Acquisition Line:A revolving line of credit currently set at $15,000,000 to be used for the following purposes:  (a) to pay off notes numbered 105198-26201 in the amount of $9,708,338 and 105198-25648 in the amount of $2,750,000 and (b) to acquire additional ski resorts with advances limited to purchase price, closing costs, environmental testing, title costs, legal fees, surveys, and acquisition related studies.  At least 14 days prior to any advances under the Acquisition Line, Borrower shall be required to provide to Bank all documentation related to such acquisition as requested by the Bank and sufficient in the Bank’s sole discretion.     



Working Line: A revolving line of credit currently set at $10,000,000 to be used to provide working capital.



Interest Rate:Prime + 1.0 percent per annum, floating and adjusted daily, until the Loan matures, which shall be 14 months after the date of the Loan (the “Maturity Date”) 



Prepayment Premium:  None.



Commitment Fee:Borrower will pay to Bank a commitment fee of $50,000.00 (the “Commitment Fee”), payable concurrently with the Borrower’s acceptance of this Letter.   The Commitment Fee represents 1% of the principal increase of the Loan from the Original Loan.  The purpose of this fee is to compensate the Bank for reserving the Bank funds necessary to make the Loan contemplated herein.  Accordingly, the Commitment Fee is earned upon payment and is refundable only in accordance with the terms of this Letter.  

Term:The Loan will be payable in monthly installments of interest only.
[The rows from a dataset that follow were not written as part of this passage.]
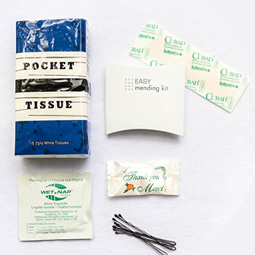 "Survival Kit" contains: 2 band aids, 4 bobby pins, towelette, matchbox sewing kit, breath mint, and travel Kleenex pack
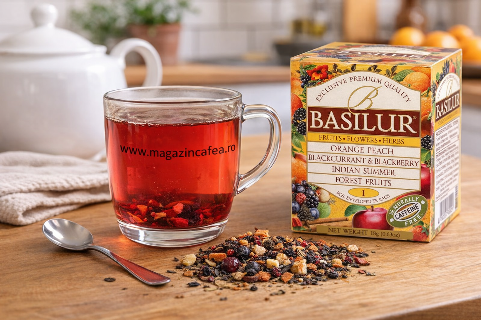 Basilur Assorted Vol.1 reunește patru amestecuri de infuzii din fructe și plante atent selecționate, inspirate din tradiția Ceylon. Fiecare plic este ambalat separat pentru a păstra prospețimea și aroma completă în fiecare ceașcă.
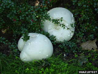 Giant puffball. Photo provided by: Joseph LaForest, University of Georgia, Bugwood.org
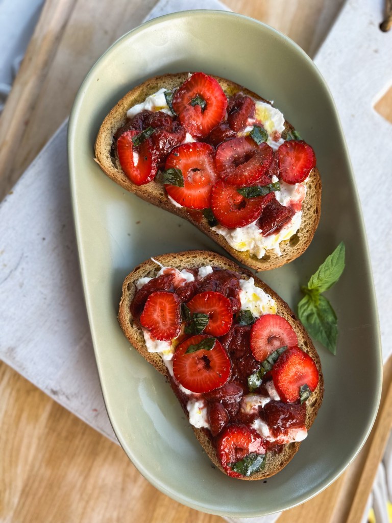 - Halve the burrata on two pieces of gf toast. Spread the mozzarella cream to cover the pieces. Add a healthy helping of the balsamic strawberries before placing the marinated strawberries on top. Drizzle with a little more olive oil and finish with cracked black pepper.
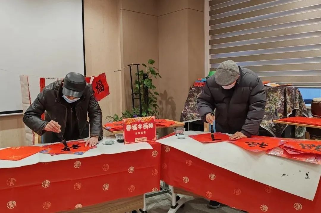 在摊位上挥毫泼墨的,同样是生活在养老院的老人。今年80岁的曹爷爷虽然行动稍显迟缓,但写起书法一点不含糊,不仅运笔行云流水,字体也刚劲有力,很难想象他刚来养老院时,只能靠身上插着的鼻饲管和导尿管生活。如今,在护理员的精心照顾下,曹爷爷通过康复训练,不仅可以自行行走,还能参加每周二的书法练习活动。“我喜欢书法很多年了,今年能给养老院的同伴们写福字,很开心。”曹爷爷缓缓地说道。

All unpaid principal and interest shall be due and payable upon the Maturity Date.



If there is any available credit under the Working Line as of the Maturity Date, then Borrower will also pay a fee equal to 0.25% of the then total Principal Amount of the Working Line less the average outstanding principal balance of the Working Line for the then immediately preceding 12 month period.  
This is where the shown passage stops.